- **Assignment**
Starting at the line that contains "Осенний нишевый цвет" and stopping after the line that contains "Stylish Columbia jacket.", transcribe the listing below exactly; do not include any pictures.

- **Exercise material**
Start of Block
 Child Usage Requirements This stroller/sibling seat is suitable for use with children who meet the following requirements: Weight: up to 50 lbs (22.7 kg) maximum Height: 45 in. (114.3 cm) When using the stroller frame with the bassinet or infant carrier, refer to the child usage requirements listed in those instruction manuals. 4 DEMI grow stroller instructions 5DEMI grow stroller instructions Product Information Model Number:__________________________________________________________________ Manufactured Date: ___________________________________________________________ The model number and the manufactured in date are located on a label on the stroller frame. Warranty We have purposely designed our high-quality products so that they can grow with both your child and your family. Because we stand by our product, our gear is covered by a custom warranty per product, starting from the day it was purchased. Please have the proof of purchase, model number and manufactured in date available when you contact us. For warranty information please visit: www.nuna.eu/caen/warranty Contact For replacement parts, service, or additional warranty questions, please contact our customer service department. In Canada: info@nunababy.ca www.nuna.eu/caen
End of Block
Start of Block
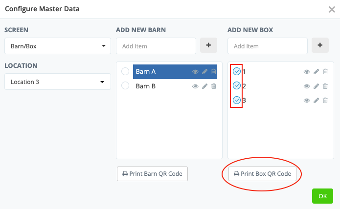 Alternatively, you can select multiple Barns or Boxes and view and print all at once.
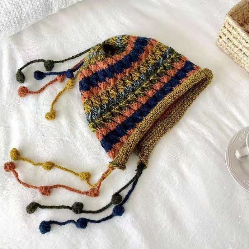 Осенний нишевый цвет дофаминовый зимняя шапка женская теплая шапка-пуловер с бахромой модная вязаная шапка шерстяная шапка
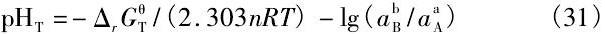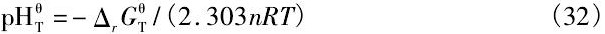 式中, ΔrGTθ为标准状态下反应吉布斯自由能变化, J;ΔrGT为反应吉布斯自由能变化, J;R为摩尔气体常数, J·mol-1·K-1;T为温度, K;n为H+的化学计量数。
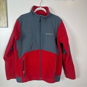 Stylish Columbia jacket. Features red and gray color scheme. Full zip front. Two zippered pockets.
End of Block
- **Result for this task**
 Осенний нишевый цвет дофаминовый зимняя шапка женская теплая шапка-пуловер с бахромой модная вязаная шапка шерстяная шапка
 式中, ΔrGTθ为标准状态下反应吉布斯自由能变化, J;ΔrGT为反应吉布斯自由能变化, J;R为摩尔气体常数, J·mol-1·K-1;T为温度, K;n为H+的化学计量数。
 Stylish Columbia jacket. Features red and gray color scheme. Full zip front. Two zippered pockets.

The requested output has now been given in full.